At a gas station, the number of customers arriving during a certain hour is a random variable $N$ with distribution $$P(N = n) = \frac{e^{-30}30^n}{n!}, n=0,1,...$$ Compute the expected value and variance of the total sales $Z_n$ during that hour if the expected value and variance of a single sale are 3.67 and 2.24 respectively.
I found the expected value to be the expected value of $N$ times the expected value of a single sale. $E(N)$ is $$\sum_{n=0}^{\infty}\frac{ne^{-30}30^n}{n!} = e^{-30}30\sum_{n=1}^{\infty}\frac{30^{n-1}}{(n-1)!} = 30$$ So the expected value of the total sales $Z_n$ is 30(3.67) = 110.1. This is correct. My trouble is with the variance. It is stated that the variance of $Z_n$ is $nb^2$, where $b$ is the variance of $Y$. I thought that $n=30$ and $b=2.24$, but this would yield $150.5$. The correct answer should be $470.5$. I know how to go about finding the variance of the number of customers (I got 30), but I don't know if that's needed here.
EDIT:
I found $Var(N)$ (for number of customers) by using a trick from the book where you first find $E(N(N-1))$ then add $E(N)$ to get $E(N^2)$: $$E(N(N-1)) = \sum_{n=0}^\infty \frac{n(n-1)e^{-30}30^n}{n!} = 30^2e^{-30}\sum_{n=2}^\infty \frac{30^{n-2}}{(n-2)!} = 900$$ Then $E(N^2) = 900 + 30 = 930$.
Finally $Var(N) = 930 - 30^2 = 30$.
If the single sales are each $X_i$, then the total sales are $Z=\sum_{i=1}^N X_i$.
Note $E[N] = \operatorname{Var}[N] = 30$ (show this!).

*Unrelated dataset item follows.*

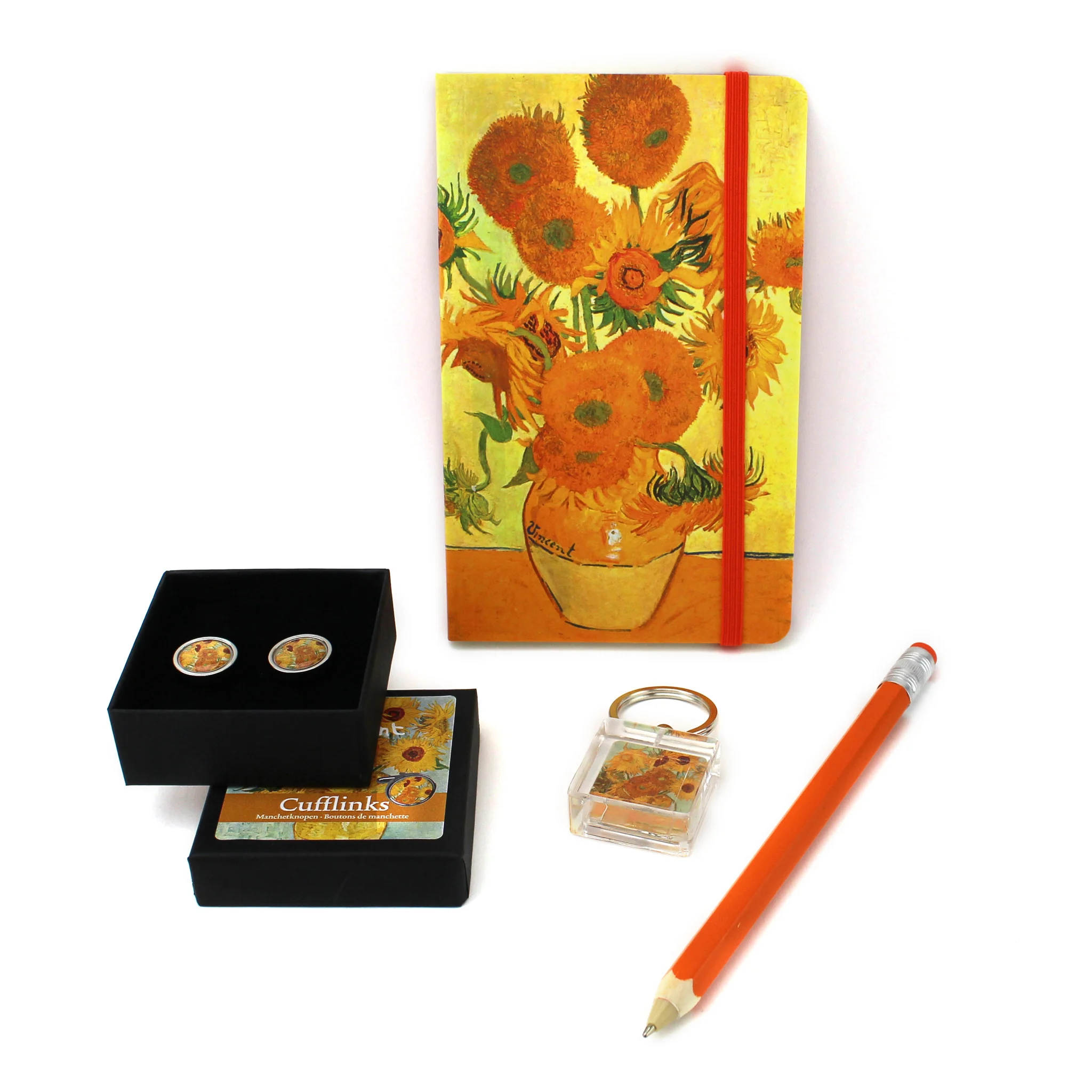 Dieses Geschenkset enthält mehrere Produkte mit dem Bild der von Vincent van Gogh gemalten Sonnenblumen: einen Schlüsselring, ein Softcover-Buch und einen hölzernen Kugelschreiber sowie ein Manschettenknopfset. Das Geschenkset ist in transparentes Papier

The expected value of total sales is $$E[Z]=E[N]E[X] = (30)(3.67)=110.1$$ and the variance of total sales is $$\operatorname{Var}[Z]=E[N]\operatorname{Var}[X] + \operatorname{Var}[N](E[X])^2$$ $$=(30)(2.24) + (30)(3.67)^2=471.267$$
The variable $Z$ is a random sum of random variables. That is, the number $N$ of terms is random, and each of the terms $X_i$ is identically distributed. Presumably, the number of terms and each of the terms all are independent.